The only way to end the increasingly bleak outlook on poverty is actually to fix the housing crisis and not just talk about fixing the housing crisis. Credit to Mayor Adams and others who are putting the shovels in the ground.
From the latest annual NYC Poverty Tracker report by Robin Hood: “In 2023, the cost of five basic necessities that make up the poverty line — food, shelter, utilities, clothing and telephone/ internet — outpaced income growth and the overall rate of inflation. This pushed the poverty threshold up to $47,190 for a renting family of four — 7.5% higher than the 2022 poverty threshold of $43,890 — causing more New Yorkers to fall below this line.”

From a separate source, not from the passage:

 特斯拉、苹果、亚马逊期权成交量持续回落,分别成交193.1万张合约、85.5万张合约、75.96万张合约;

How many more New Yorkers fell under the line? An additional 100,000, hiking the totals to 2.02 million, made up of 1.6 million adults and 420,000 children. The city’s 2023 poverty rate of 25% was nearly double the nation’s rate of 13%.
To some extent, poverty is a constant of an economically dynamic global city. We need a critical mass of strivers who are scrambling to build better lives for their children to come here, to work and work and work at jobs that many others might consider beneath them, to grow their bank accounts and set up their children for more economic success.

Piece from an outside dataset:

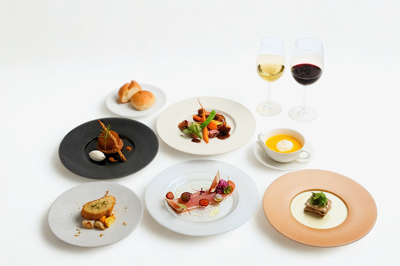 ・开胃菜 ・汤 ・主菜 ・沙拉 ・面包或米饭 ・甜点 ・咖啡或茶 您可以从以下选项中选择主菜。 ・鲷鱼和海鲜海鲜饭・烤大西洋鲑鱼配自制塔塔酱・扇贝炒松子黄油 +600日元(含税)・今日鱼类・汉堡牛排配多美釉汁・烤大山鸡配东北牧场萝卜日式酱汁・三元猪五花肉配东北牧场罗勒酱・烤澳大利亚西冷牛排配多美釉汁或芥末酱油 +900日元(含税)

But poverty trends should not be getting increasingly bleak.
Robin Hood sets the threshold for a renting family of four at $47,190 — which is to say, based on its analysis, those who make less than that are considered impoverished. It breaks down the spending for such a family into key constituents: an average $10,859, or 23%, goes to food. $1,569, or 3%, goes to clothing. $3,893, or 3%, goes to utilities.
And, wait for it, a knock-your-socks-off $22,399, or 47%, goes to the cost of housing.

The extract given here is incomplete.